Bulk report – Week 15

Objavljeno 13. travnja 2026.

Bulk report – Week 15

Objavljeno | 13. travnja 2026. | Izvor: TheBalticBrief
Bulk report – Week 15

Capesize

The market resumed after the Easter break with renewed momentum, supported by improved sentiment across both basins and a solid start in the Pacific.

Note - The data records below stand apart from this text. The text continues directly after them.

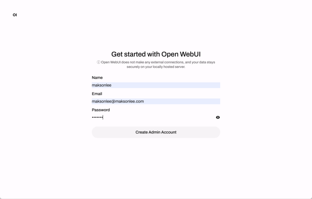 On first launch, Open WebUI will show the account creation screen. Create the admin account and sign in.
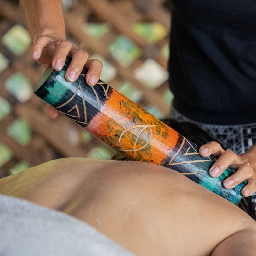 Masaje africano con cañas de bambú
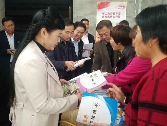 當(dāng)天,淮陽縣職業(yè)中專正在借助河南省科技特派員科技專項(xiàng)扶貧平臺,組織豆門鄉(xiāng)紅山村百余名建檔立卡貧困戶學(xué)員進(jìn)行為期15天的高效種植、健康養(yǎng)殖技術(shù)培訓(xùn)。在河南省科技特派員、周口職業(yè)技術(shù)學(xué)院趙慶楓博士的引薦下,民盟周口市委的楊彥濤委員、三支部主委王春華、文化教育支部主委任東升趕到現(xiàn)場為大家“傳經(jīng)送寶”。從種植增收致富到養(yǎng)殖奔小康,從關(guān)鍵技術(shù)到惠農(nóng)政策,從園林園藝技術(shù)到農(nóng)產(chǎn)品的銷售,專家們講得用心,學(xué)員們聽得認(rèn)真。
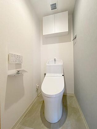 ストック品の収納に役立つ上部吊戸棚、ウォシュレット付き♪ 2019年に新規交換されています♪
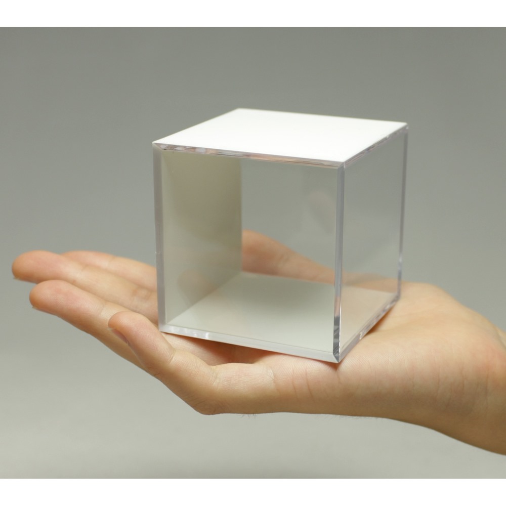透明のコの字のパーツは樹脂製の成形部品。高い精度の成形技術により、2つのパーツは組み合わせたときに隙間などなく、もちろんつなぎ目などもありませんから、中に入れた展示品をいっそうきれいに見せることができます。
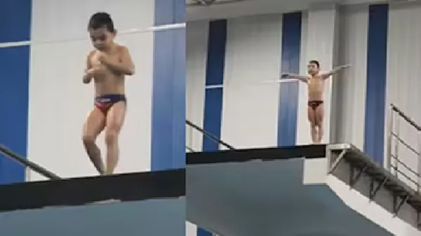 ಇನ್ಸ್ಟಾಗ್ರಾಮ್ ವಿಡಿಯೊದಲ್ಲಿ, ಬಾಲಕ (ಡೈವರ್) ಆತ್ಮವಿಶ್ವಾಸದಿಂದ ಪ್ಲಾಟ್ಫಾರ್ಮ್ಗೆ ಹೆಜ್ಜೆ ಹಾಕಿದ್ದಾನೆ. ಎಚ್ಚರಿಕೆಯಿಂದ ಪರಿಶೀಲಿಸಿ, ತನ್ನ ಕೈಗಳನ್ನು ಮೇಲೆ, ಕೆಳಗೆ ಮಾಡುತ್ತಾ ಪರಿಪೂರ್ಣ ನಿಲುವನ್ನು ತೆಗೆದುಕೊಂಡು ನಂತರ ಪೂಲ್ಗೆ ಹಾರಿದ್ದಾನೆ.
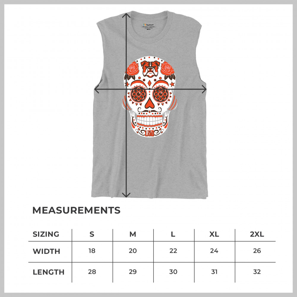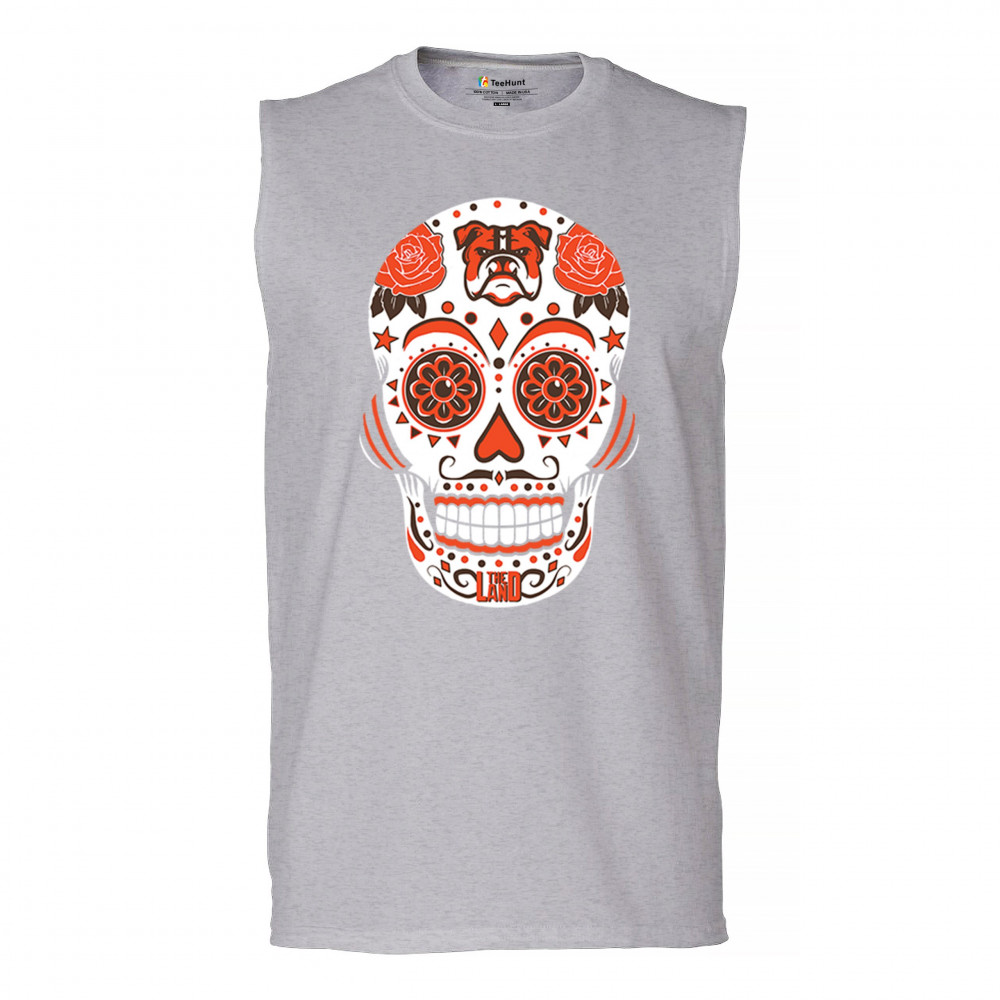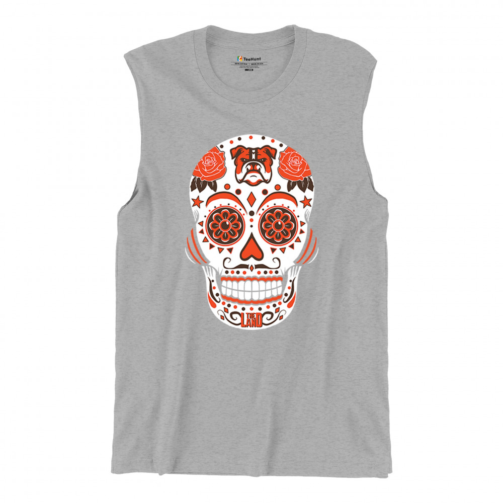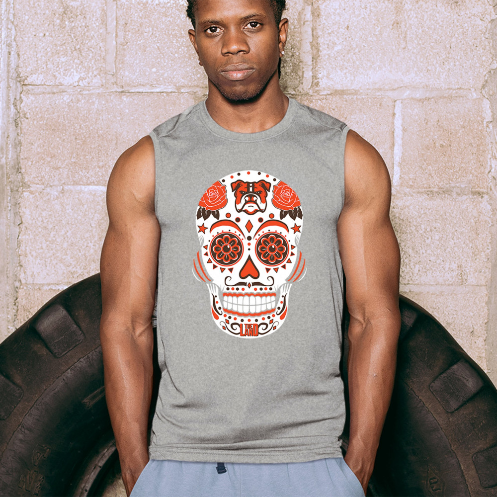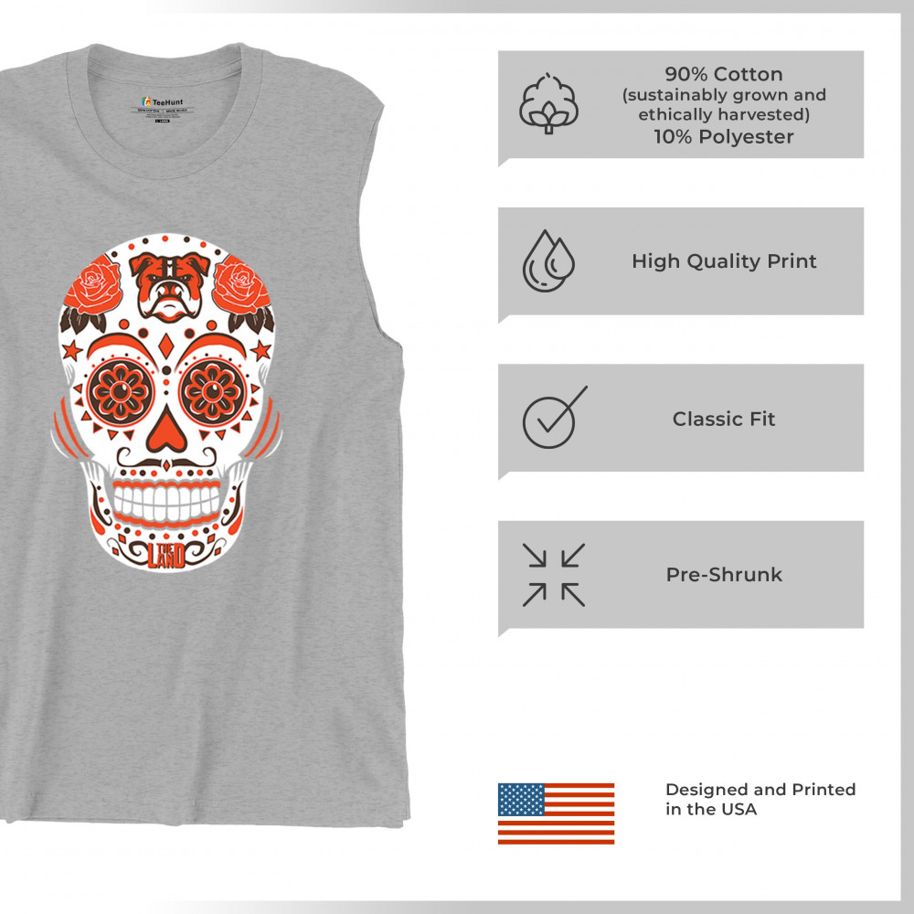 Cleveland Sugar Skull with Lake Erie pride, Rust Belt football grit, orange & brown tradition, playoff vibes, and Game Day passion.
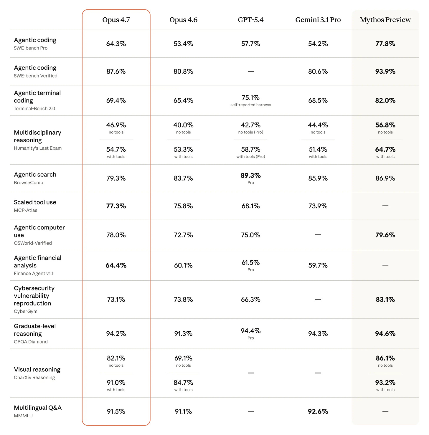Anthropic released Claude Opus 4.7 on Thursday. It’s the best publicly available model for agentic coding. They also put the model they decided was too dangerous to release to the public in the same comparison table and showed you the gap on a chart.
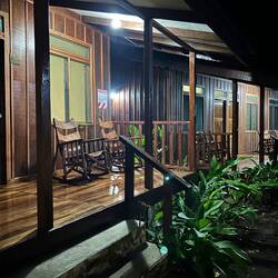 Laguna Lodge is a great place with a huge garden between the river and the sea. The bungalows are spacious, and you only share them with a few small geckos 🦎 and other bug stuff. The daily, nocturnal and in-between sounds of the animals living here come free of charge. Especially the birds give everything here. Will say, the sloths are completely drowned out... Food is local and very good and included in the overnight stay, drinks are not included. A soft drink costs 6 euros and the small glass of beer 5.20. A cocktail for only 7 euros quickly became a bargain. But logically, everything has to be brought here by boat first. Didn't spoil the good mood. You don't come here to party. And juice and fresh water were free of charge.Baca lagi
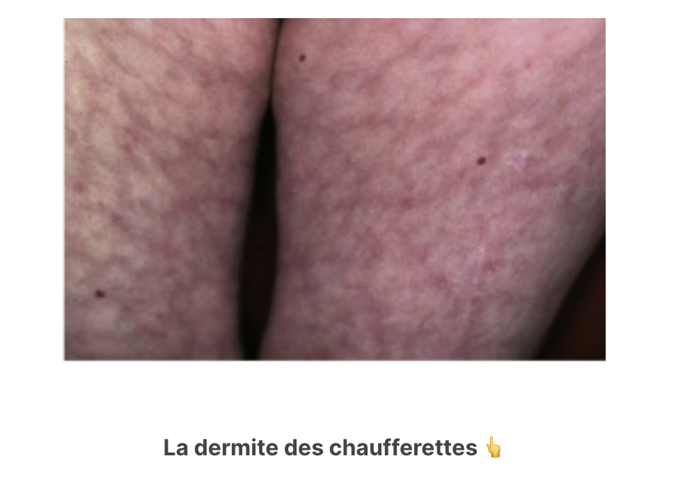Et c’est parfois le fait de se réchauffer qui déclenche un autre type de réaction : la dermite des chaufferettes, un livedo non inflammatoire fait de mailles régulières (arrive typiquement en se collant les jambes contre un radiateur chaud ou une bouillotte sur le ventre) : c’est une manifestation totalement bénigne qui disparaît spontanément.
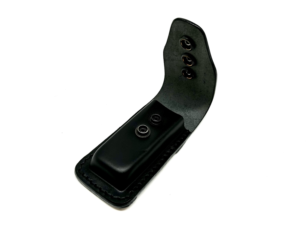 Dimensioni: lunghezza utilizzabile da 10 a 13 cm, larghezza utilizzabile 3,5 cm interno 2 cm. Chiusura pattina con doppio bottone a pressione che permette di regolare l'altezza in base alla misura del coltello. Dietro passante per cinture larghe fino a 5 cm, con apertura e chiusura tramite bottone a pressione. Realizzato in cuoio fiore di prima scelta. Disponibili nei colori: nero e marrone. Peso lordo: 78 grammi. Prodotto in Italia.
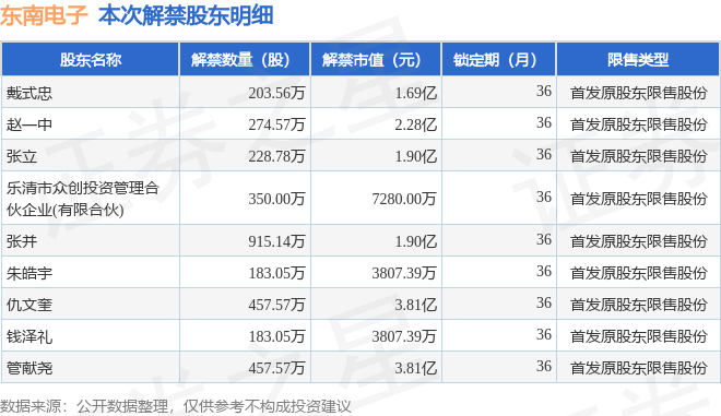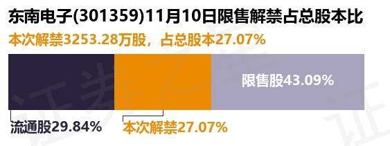 证券之星消息,根据市场公开信息整理,东南电子(301359)于11月10日将有3253.28万股限售股份解禁,为公司首发原股东限售股份,占公司总股本27.07%。(本次数据根据历史公告整理得出,实际情况以上市公司最新公告为准)本次解禁后,公司还有5177.93万股限售股份,占总股本43.09%。具体如下图所示:
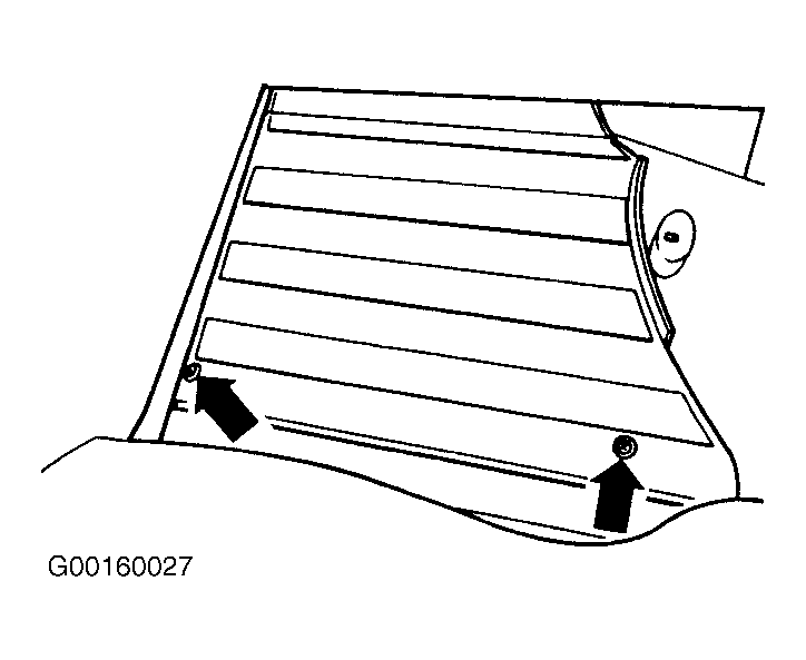 - With ignition switch in OFF position. Remove cover fasteners (arrows) from lower right "A" pillar. See Fig 1. Pull back carpeting in right front foot well.
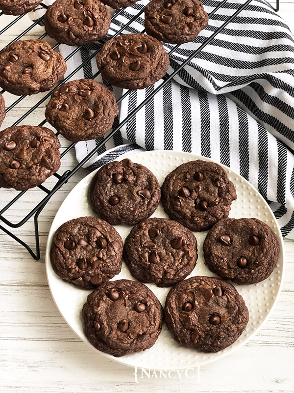 I used semi-sweet chocolate chips to mix into the batter for extra chocolate flavor, but you could use milk chocolate, dark chocolate, or white chocolate chips instead, if you like. Using a cookie dough scoop also helps give the cookies a nicer shape, so do use one if you have one!
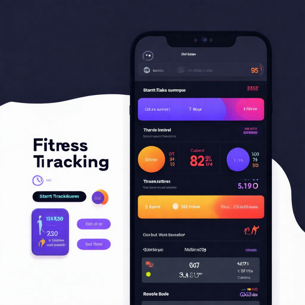 - Create a modern user interface design for a mobile application that focuses on fitness tracking. The layout should include a vibrant dashboard displaying key metrics such as steps taken, calories burned, and workout summaries. Incorporate interactive elements like buttons for starting workouts, viewing progress, and accessing nutrition information. Use a color palette that conveys energy and motivation, with clear typography and intuitive navigation.
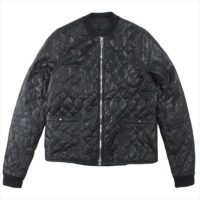 こちらは「クロムハーツ ダガー クロスボール ジップ キルティング レザー ジャケット」になります。キルティングレザー製でリブにはカシミア、裏地にはシルクを採用した贅沢なジャケットです。ポケットにはクロスボール、引き手にはダガーモチーフがあしらわれておりクロムハーツファンには堪らない逸品です。デザインとしては非常にシンプルですので、気軽にタウンユースで着用出来ます。

The Pacific remained the key stabilising force, underpinned by consistent miner activity. While rates eased from early highs in the mid-$12s to the high-$11s, the basin maintained a relatively healthy floor, albeit within a more miner-dominated dynamic and with limited operator competition. Sentiment became more nuanced as the week developed. A tentative Middle East ceasefire triggered a sharp correction in oil prices, easing bunker costs and supporting time charter returns, though this in turn applied some pressure to voyage rates. In contrast, the Atlantic basin showed gradual improvement rather than outright strength. The South Brazil and West Africa to China markets saw steady fixing in the high-$29s to low-$30s on C3, supported by a tightening tonnage list and a continuously refreshed cargo book. North Atlantic fronthaul demand emerged as a notable bright spot, lifting earnings, while transatlantic activity remained subdued.


Panamax

With a long weekend at both ends of the week, it was a shorter week than normal, reflecting in a rather cautious week for the sector. The North Atlantic was generally finely balanced although demand from NC South America helped keep owners’ interest, but transatlantic activity remained rather subdued with a good amount of prompt tonnage availability. The South Atlantic continued to gain strength albeit at a slow pace. An 82,000-dwt fixed delivery Haldia via EC South America redelivery Singapore-Japan at $22,500. With the steady stream of enquiry from South America this gave owners options with tonnage coming open in SE Asia. As the week progressed, stronger rates became evident on the Indonesia coal business. A 76,000-dwt fixing delivery Indonesia redelivery China option South Korea at $21,000. Period activity was seen, with an 81,000-dwt newbuilding fixing ex yard China mid-April dates for 10-12 months trading, redelivery worldwide, and scrubber benefit shared equally at $19,000.


Ultramax/Supramax

Despite the short week, overall positive momentum gained pace across most areas. In the Atlantic, the US Gulf saw increased demand and rates accordingly rose. A 64,000-dwt was heard fixed for a trip delivery US Gulf redelivery Singapore-Japan in the $23,000s. From the South Atlantic whilst fresh fixing was kept under hat, brokers spoke of a finely balanced affair as demand and supply kept pace. Little fresh enquiry was seen from the Mediterranean-Continent areas and the area remained rather subdued. Momentum gathered pace throughout the week from Asia as better levels of enquiry were seen both from North and South Asia. A 64,000-dwt open Philippines fixing in the low $20,000s for an Australian round. Whilst another Ultramax fixed also in the low $20,000s for delivery passing Singapore trip via Indonesia redelivery India. There was also demand from the Indian Ocean for coal from South Africa, as Ultramax vessels fixed around the mid $20,000s and mid $200,000s ballast bonus for South Africa to India/Pakistan. Period interest remained as Ultramax vessels seen in the $18,000s delivery SE Asia for short period.


Handysize

The market remained mixed and broadly subdued throughout the week, with only limited day-to-day movements in rates. The Continent and Mediterranean continued to see a lack of fresh inquiry, keeping activity muted and rate levels largely unchanged. A 35,000-dwt vessel was reported fixed for a trip from Safi to South Spain at $8,500. The US Gulf remained the weakest region, as persistent tonnage oversupply and limited demand continued to weigh on rates; a 36,000-dwt vessel was rumoured on subjects from SW Pass to Atlantic Colombia at $7,000. In contrast, the South Atlantic emerged as the strongest area, with tightening tonnage and intermittent demand lending support to firmer sentiment. A 38,000-dwt vessel was rumoured fixed from Recalada to Morocco at $20,000. Across Asia, conditions were broadly balanced to slightly positive. While activity remained relatively modest, a steady flow of cargoes and gradually improving rate expectations helped sustain a stable market tone. A 35,000-dwt vessel open in North China on 11 April fixed a clean cargo trip to Southeast Asia at mid-$11,000 levels.